The best databases offer benefits beyond simple speed, however. Exploring multiple connections in the data can lead to a unique synthesis of knowledge. For example, a large, multi-national team of scientists recently used the data available in the Cancer Genome Atlas (TCGA; http://cancergenome.nih.gov/), which houses multidimensional molecular cancer data. The team found that the molecular etiology of glioblastoma, the most aggressive kind of brain tumor, was characterized by a combination of factors: gene mutations, copy number changes, epigenetic silencing, and expression alterations. The work was published in Nature in September 2008. “If you could only look at one dimension of that data, and didn’t have the other data accessible in electronic resources, you’d never be able to see this,” Buetow says. “The conclusions are an emergent property of being able to see all the pieces together.”
In some cases, databases can upend the typical research cycle. “A lot of times, a scientist starts with a question, then collects data and answers the question,” Butte says. “But now we can start with public data. Then we figure out a new, useful, and valuable question we can ask and answer. And a completely different question can be asked of the data when it’s put together, beyond the initial question asked. It’s a shift in the scientific method.”
For example, in research currently under publication review, Butte and his team integrated and analyzed publicly available data in the NCBI Gene Expression Omnibus (. nlm.nih.gov/geo/) and the Unified Medical Language System (. nlm.nih.gov/research/umls/) to discover a genetic similarity between Duchenne muscular dystrophy and heart attacks. This finding might have clinical value, he says, because while there are no drugs currently developed to treat muscular dystrophy, there are several available to treat heart attacks. If the pathways are similar, the heart attack drugs might be helpful in treating muscular dystrophy. And the conclusions were reached by mining publicly available data.
Databases can also divert where researchers devote their efforts. “Public data collections free us from the need to recreate them many times over,” Moody says, “and that means that priorities shift to favor collecting novel types of data, making better use of scarce resources rather than replicating existing databases.” Collections can be expanded in ways that balance depth and breadth, he says. “For example, researchers can collect data from populations complementary to those already well-represented, gather multidimensional data sets that can lead to insights about relationships among variables, or else make use of existing data in novel ways.”

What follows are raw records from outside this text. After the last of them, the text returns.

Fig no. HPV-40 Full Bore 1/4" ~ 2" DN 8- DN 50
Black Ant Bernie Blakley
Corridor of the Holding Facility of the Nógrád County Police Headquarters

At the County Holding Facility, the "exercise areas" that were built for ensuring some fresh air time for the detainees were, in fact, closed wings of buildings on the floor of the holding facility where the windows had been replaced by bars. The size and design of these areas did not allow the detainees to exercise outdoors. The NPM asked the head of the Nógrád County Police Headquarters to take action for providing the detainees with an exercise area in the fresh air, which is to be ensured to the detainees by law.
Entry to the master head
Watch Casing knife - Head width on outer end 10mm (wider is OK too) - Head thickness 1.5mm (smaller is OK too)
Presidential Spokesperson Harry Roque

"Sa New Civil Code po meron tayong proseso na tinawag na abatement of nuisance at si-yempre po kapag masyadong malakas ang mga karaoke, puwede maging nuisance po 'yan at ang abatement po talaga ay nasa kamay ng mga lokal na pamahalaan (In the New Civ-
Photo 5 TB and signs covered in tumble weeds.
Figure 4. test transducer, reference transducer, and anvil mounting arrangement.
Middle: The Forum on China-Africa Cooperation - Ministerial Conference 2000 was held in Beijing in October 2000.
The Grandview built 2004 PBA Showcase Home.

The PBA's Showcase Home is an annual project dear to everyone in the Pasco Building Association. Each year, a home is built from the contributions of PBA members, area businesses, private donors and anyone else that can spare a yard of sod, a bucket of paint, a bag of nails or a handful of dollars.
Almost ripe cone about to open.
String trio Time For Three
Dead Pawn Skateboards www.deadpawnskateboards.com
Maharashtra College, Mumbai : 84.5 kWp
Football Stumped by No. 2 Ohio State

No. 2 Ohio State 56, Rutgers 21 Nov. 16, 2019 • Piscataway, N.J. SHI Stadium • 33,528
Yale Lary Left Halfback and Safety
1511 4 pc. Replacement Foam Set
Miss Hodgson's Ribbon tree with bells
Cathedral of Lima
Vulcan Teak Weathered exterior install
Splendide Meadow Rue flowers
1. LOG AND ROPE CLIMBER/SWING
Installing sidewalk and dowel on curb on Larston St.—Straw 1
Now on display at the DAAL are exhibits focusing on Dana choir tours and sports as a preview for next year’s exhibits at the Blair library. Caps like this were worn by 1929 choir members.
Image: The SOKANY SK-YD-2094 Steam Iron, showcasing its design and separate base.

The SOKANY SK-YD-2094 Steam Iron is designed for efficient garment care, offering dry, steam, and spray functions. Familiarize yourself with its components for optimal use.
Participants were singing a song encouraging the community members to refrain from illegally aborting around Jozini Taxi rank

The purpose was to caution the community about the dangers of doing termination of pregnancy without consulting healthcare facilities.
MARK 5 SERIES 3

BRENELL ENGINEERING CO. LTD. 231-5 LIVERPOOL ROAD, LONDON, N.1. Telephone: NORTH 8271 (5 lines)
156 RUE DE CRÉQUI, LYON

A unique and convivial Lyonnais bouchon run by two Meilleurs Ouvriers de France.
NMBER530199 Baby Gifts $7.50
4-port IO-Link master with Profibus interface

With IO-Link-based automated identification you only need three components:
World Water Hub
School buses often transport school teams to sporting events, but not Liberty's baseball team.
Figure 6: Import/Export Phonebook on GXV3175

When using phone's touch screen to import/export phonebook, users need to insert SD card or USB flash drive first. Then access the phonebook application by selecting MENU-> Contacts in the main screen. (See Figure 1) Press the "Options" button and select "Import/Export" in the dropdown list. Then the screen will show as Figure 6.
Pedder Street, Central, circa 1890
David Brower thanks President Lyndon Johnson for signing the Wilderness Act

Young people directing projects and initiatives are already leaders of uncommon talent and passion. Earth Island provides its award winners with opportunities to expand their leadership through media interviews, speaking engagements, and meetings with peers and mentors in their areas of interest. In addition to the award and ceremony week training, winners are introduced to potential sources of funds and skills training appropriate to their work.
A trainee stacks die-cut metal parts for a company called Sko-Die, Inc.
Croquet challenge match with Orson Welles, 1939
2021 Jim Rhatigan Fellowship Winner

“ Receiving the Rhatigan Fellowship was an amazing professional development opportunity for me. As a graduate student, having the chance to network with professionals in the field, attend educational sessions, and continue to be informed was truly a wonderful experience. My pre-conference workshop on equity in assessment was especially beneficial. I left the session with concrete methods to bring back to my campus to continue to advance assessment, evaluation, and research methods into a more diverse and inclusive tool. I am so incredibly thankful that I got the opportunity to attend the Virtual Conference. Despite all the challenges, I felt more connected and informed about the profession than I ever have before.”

A ripple effect in other fields is becoming clear, as the biomedical community taps into quantitative disciplines for help in dealing with the vast amount of data generated. “This has created unprecedented demand for advanced computational tools and interdisciplinary expertise to capture, store, integrate, distribute and analyze data,” Klein says.
The reach of databases extends beyond the laboratory. For example, clinical cardiac arrhythmia analysis has benefited enormously from databases, including the MIT-BIH (Massachusetts Institute of Technology/Beth Israel Hospital) Arrhythmia Database and the American Heart Association Database for Evaluation of Ventricular Arrhythmia Detectors. “Nowadays it is taken for granted that computers can do a reasonably decent job of detecting important cardiac arrhythmias,” Moody says, which is a task with utility in both the clinic and the laboratory. “Without shared annotated databases, we wouldn’t have reliable arrhythmia detectors.”
Databases are changing how people work with each other, too. Perhaps most importantly, shared data let researchers in different centers and countries collaborate in novel ways, Klein says. For example, the international warfarin pharmacogenomic consortium (IWPC), which PharmGKB helped broker in 2007, merged datasets totaling more than 5,000 patients from 11 countries and four continents. Their goal was to develop an algorithm for dosing warfarin, an anticoagulant. This merging of data had many benefits, she says: an increased impetus for data sharing, better quality control, and greater statistical analysis power. To address concerns about ownership, the consortium first made the dataset available only to consortium members, Klein says; the entire dataset will be released upon publication of the manuscript.
Being reviewed by many eyes can also increase the value of data, in much the same way that software is improved through an open-source approach. “When many motivated observers examine the same data, their analyses can be compared,” Moody says. “Not only do we learn more about the data as a result of peer review of the data, but we learn more about the analytic methods themselves, about their strengths and weaknesses.”
Sometimes a new database can ignite a new research focus, Moody says. For example, in 2000, Moody and his team created a public, annotated database of polysomnography data and issued an open challenge to the scientific community: find ways to diagnose sleep apnea using a single ECG signal—a cheaper and less intrusive technique than standard polysomnography methods. “What surprised us was that at least a dozen research teams from around the world took up the challenge,” Moody says. Now clinicians can diagnose sleep apnea with commercially available, clinically certified software that uses their methods, he says, and researchers can also use open-source software based on these methods in their own studies. Better yet, Moody says, “because the researchers had worked independently on a common problem with common data, new collaborations among them formed easily.” The challenge is now an annual event with a different topic and data collection each year.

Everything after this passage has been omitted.